The most notorious “It” item, however, is the Birkin bag, originally designed for actress and singer Jane Birkin, who needed a carryall bag to handle her Hermès diary, among other things. Since that first production, the Birkin bag has become for the fashion world what Babe Ruth is for baseball –– a unicorn, of sorts.

The Birkin bag is as elusive as it is exclusive, in both price and availability. The bag has remained the handbag industry’s most coveted item for more than 20 years. That is some serious staying power for a relatively simple bag (in looks alone, the design itself takes some 18 hours and is done by a single craftsman).

Of course, this exclusivity is likely what keeps the bag at the top of every single list. It is impossible, for instance, for you to walk into an Hermès store and simply buy one –– even if you could afford to shell out the minimum price of $10,000. No, to get a Birkin, you must be on an elite list.

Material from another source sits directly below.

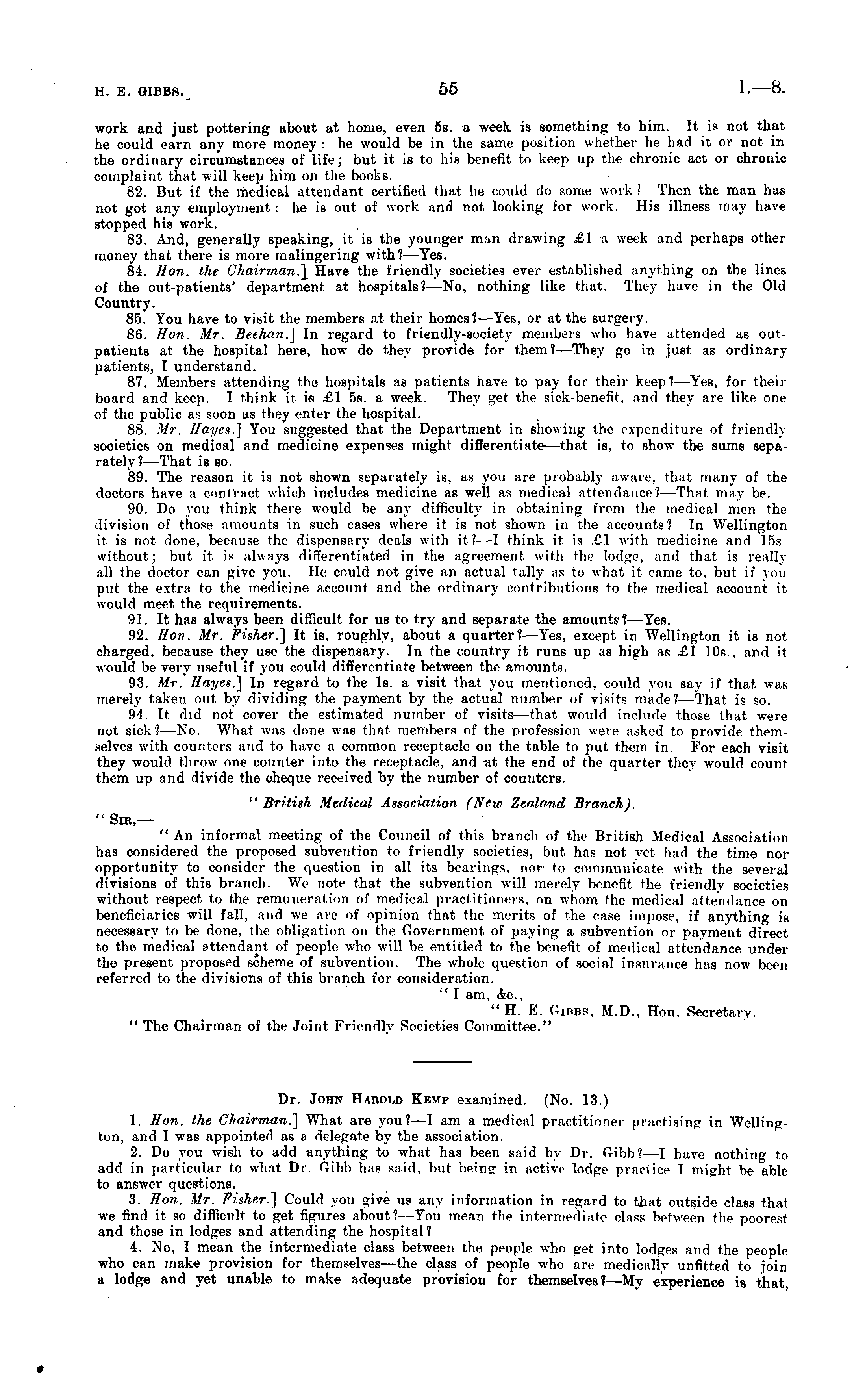 work and just pottering about at home, even ss. a week is something to him. It is not that he could earn any more money : he would be in the same position whether he had it or not in the ordinary circumstances of life; but it is to his benefit to keep up the chronic act or chronic complaint that will keep him on the books. 82. But if the medical attendant certified that he could do some work 1 -Then the man has not got any employment :he is out of work and not looking for work. His illness may have stopped his work. 83. And, generally speaking, it is the younger man drawing £1 a week and perhaps other money that there is more malingering with?— Yes. 84. Hon. the Chairman.\ Have the friendly societies ever established anything on the lines of the out-patients' department at hospitals?—No, nothing like that. They have in the Old Country. 85. You have to visit the members at their homes? —Yes, or at the surgery. 86. Hon. Mr. Beehan.] In regard to friendly-society members who have attended as outpatients at the hospital here, how do they provide for them? —They go in just as ordinary patients, I understand. 87. Members attending the hospitals as patients have to pay for their keep?— Yes, for their board and keep. I think it i« £1 ss. a week. They get thp sick-benefit, and they are like one of the public as soon as they enter the hospital. 88. Mr. Hayes] You suggested that the Department in snowing the expenditure of friendly societies on medical and medicine expenses might differentiate—that is, to show the sums separately?— That is so. 89. The reason it is not shown separately is, as you are probably aware, that many of the doctors have a oontraot which includes medicine as well as medical attendance? —That may be. 90. Do you think there would be any difficulty in obtaining from the medical men the division of those amounts in such cases where it is not shown in the accounts? In Wellington it is not done, because the dispensary deals with it?—l think it is £1 with medicine and 15s. without; but it is always differentiated in the agreement with the lodge, and that is really all the doctor can give you. He could not give an actual tally as to what it came to, but if yon put the extra to the medicine account and the ordinary contributions to the medical account it would meet the requirements. 91. It has always been difficult for us to try and separate the amounts? —Yes. 92. Hon. Mr. Fisher.] It is, roughly, about a quarter? —Yes, except in Wellington it is not charged, because they use the dispensary. In the country it runs up as high as £1 10s., and it would be very useful if you could differentiate between the amounts. 93. Mr. Hrtyes.] In regard to the Is. a visit that you mentioned, could you say if that was merely taken out by dividing the payment by the actual number of visits made? —That is so. 94. It did not cover the estimated number of visits—that would include those that were not sick? —No. What was done was that members of the profession wove asked to provide themselves with counters and to have a common receptacle on the table to put them in. For each visit they would throw one counter into the receptacle, and at the end of the quarter they would count them up and divide the cheque received by the number of counters. " British Medical Association (Nfw Zealand Branch). "Sir,— " An informal meeting of the Council of this branch of the British Medical Association has considered the proposed subvention to friendly societies, but has not yet had the time nor opportunity to consider the question in all its bearings, nor to communicate with the several divisions of this branch. We note that the subvention will merely benefit the friendly societies without respect to the remuneration of medical practitioners, on whom the medical attendance on beneficiaries will fall, and we are of opinion that the merits of the case impose, if anything is necessary to be done, the obligation on the Government of paying a subvention or payment direct to the medical attendant of people who will be entitled to the benefit of medical attendance under the present proposed scheme of subvention. The whole question of social insurance has now been referred to the divisions of this branch for consideration. " I am, &c., " H. E. OinßS. M.D., Hon. Secretary. " The Chairman of the Joint Friendly Societies Committee."

“No one can walk in and buy a Birkin ‘from the back,’” Michelle Goad, CEO of P.S. Dept., a personal shopping app that services 20,000 luxury customers globally, told the Business of Fashion. “The key to getting one is to find someone who has a relationship with one of their associates, [which means they’ve] bought one in the past. Think of it like being interviewed. You have to have a purchase history at the store to just get started, then they meet with you, assess how serious you are about spending, and then you go on their list.”

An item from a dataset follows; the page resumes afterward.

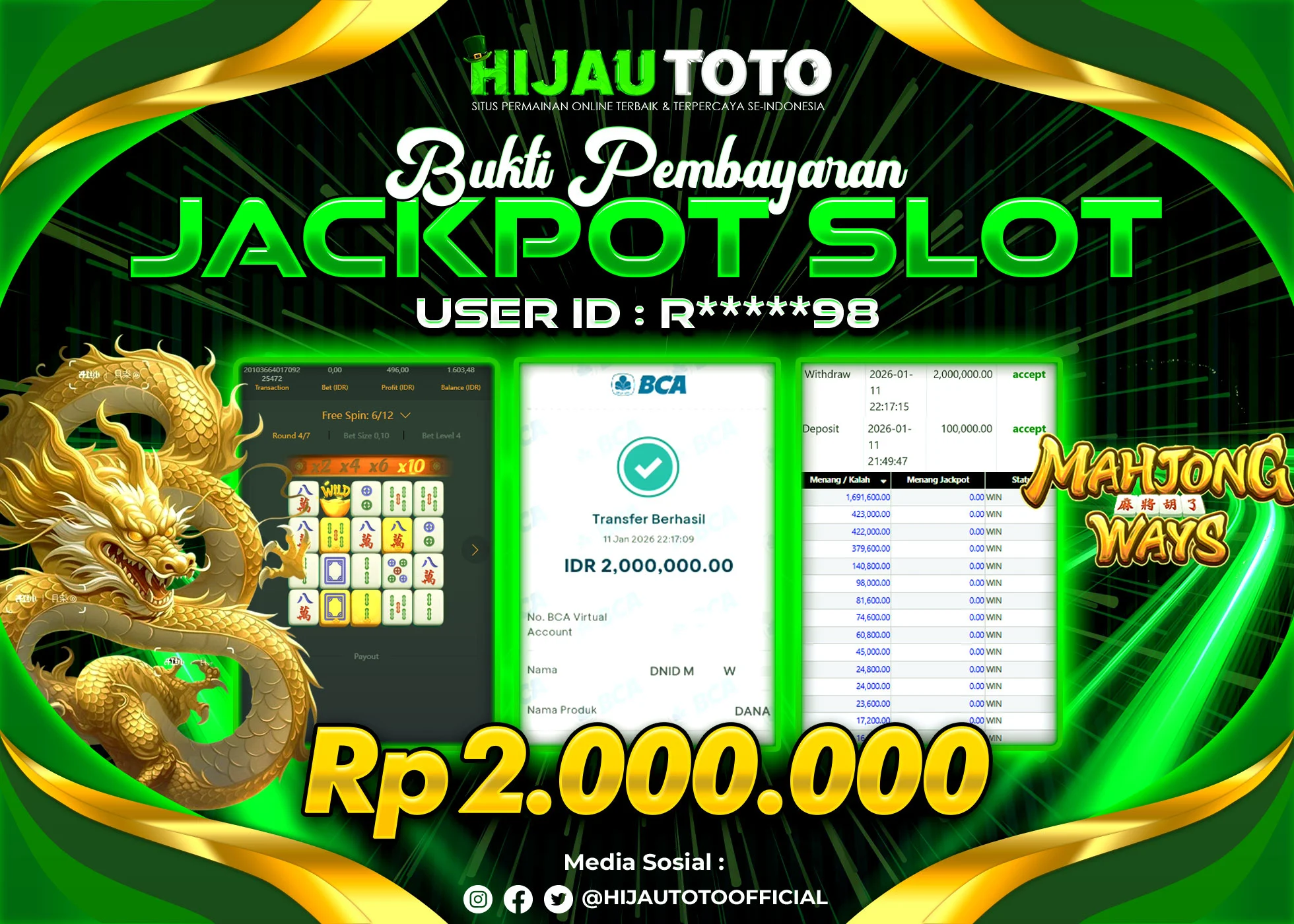 Selamat datang di HIJAUTOTO, tempatnya seru-seruan dan cuan besar! Mulai main cukup dengan modal Rp5.000 aja, taruhan super murah dari Rp100 perak! Mau main slot yang penuh warna? Atau togel dari 20 pasaran paling hits? Atau mungkin tembak ikan yang bikin deg-degan? Tenang, ada juga taruhan bola, sabung ayam, dan live casino yang bikin suasana makin hidup! Daftar sekarang dan dapetin bonus new member 100% langsung, biar modalmu makin tebal. Deposit gampang banget, bisa pakai QRIS, dan kalau butuh bantuan, customer service kita siap 24 jam nonstop. Jadi, tunggu apa lagi? Yuk, gabung dan bawa pulang kemenangannya cuma di HIJAUTOTO!

That list, by the way, can produce a 10 to 15 year wait time. So, to be sold a Birkin, you must have already bought one –– unless you happen to be lucky enough to know someone who has and is willing to recommend you. But, this is the secret to Hermès’ genius Birkin bag marketing: exclusive referrals which breed high-profile publicity.

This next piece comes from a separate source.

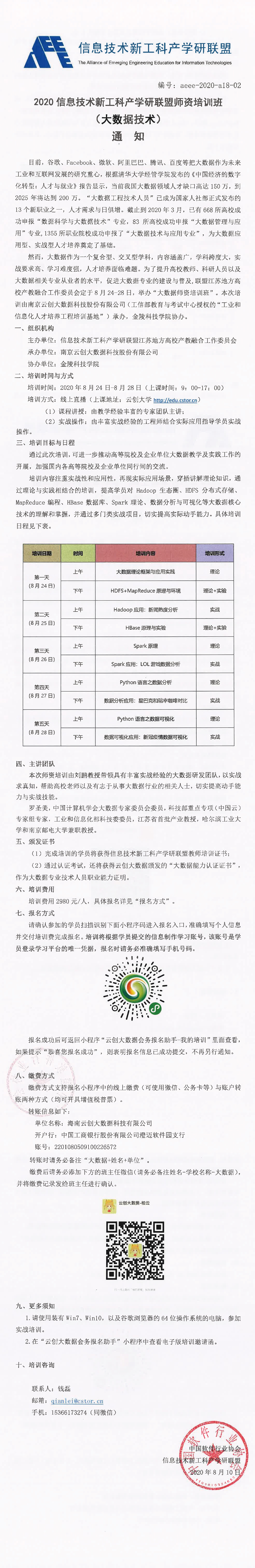 (大數(shù)據(jù)技術(shù))歡迎參加2020信息技術(shù)新工科產(chǎn)學(xué)研聯(lián)盟師資培訓(xùn)班!

Indeed, Hermès does not market the Birkin through traditional print, online or TV advertising. Instead, the company relies solely on the function of desire, allowing want-to-be customers to produce their own marketing. Among the books and TV shows that not only mention the bag, but center episodes, chapters or entire novellas on it include:

  • Sex and the City
  • Gilmore Girls
  • Bringing Home the Birkin: My Life in Hot Pursuit of the World’s Most Coveted Handbag
  • Primates of Park Avenue

And that isn’t mentioning the nearly 17,000 news articles on a subject of which its design hasn’t changed in two decades. In other words, the Birkin bag is not news –– it is pop culture.

Secrecy and success seem to be quite correlated when it comes to the Birkin bag, and Hermès has never released numbers on the amount produced each year nor the sales generated from them. But, according to Business of Fashion, “in Hermès’s 2014 fiscal year, sales of leather goods and saddlery reached $2 billion, up nearly 13% from 2013. And in the first quarter of 2015, category sales jumped nearly 25% from last year’s same quarter.”

Keep in mind, this is all occurring at a time in which most luxury brands are struggling globally in the face of changing Chinese and Russian markets, and when major currency imbalances among regions has chilled shopping on the higher end. It’s why so many luxury brands are finally turning to ecommerce and luxury marketplaces –– because they need that extra revenue to stay afloat.

But not Hermès –– and that is likely thanks to the Birkin. In fact, as the Birkin bag’s production has increased, so too has demand, and Hermès seems to be doubling down on the reliable sales of the bag, with some 200 new craftspeople being trained in the category every year. Don’t worry, though. This won’t immediately increase the bag’s availability. Craftspeople for the Birkin are trained a minimum of five years –– more if they want to work with exotic skins.

For reference, the new 40 cm crocodile Birkin is priced at $68,000, and vintage bags are being auctioned off in Dallas and Hong Kong for upward of $200,000. Those are numbers not even Chanel can pull in.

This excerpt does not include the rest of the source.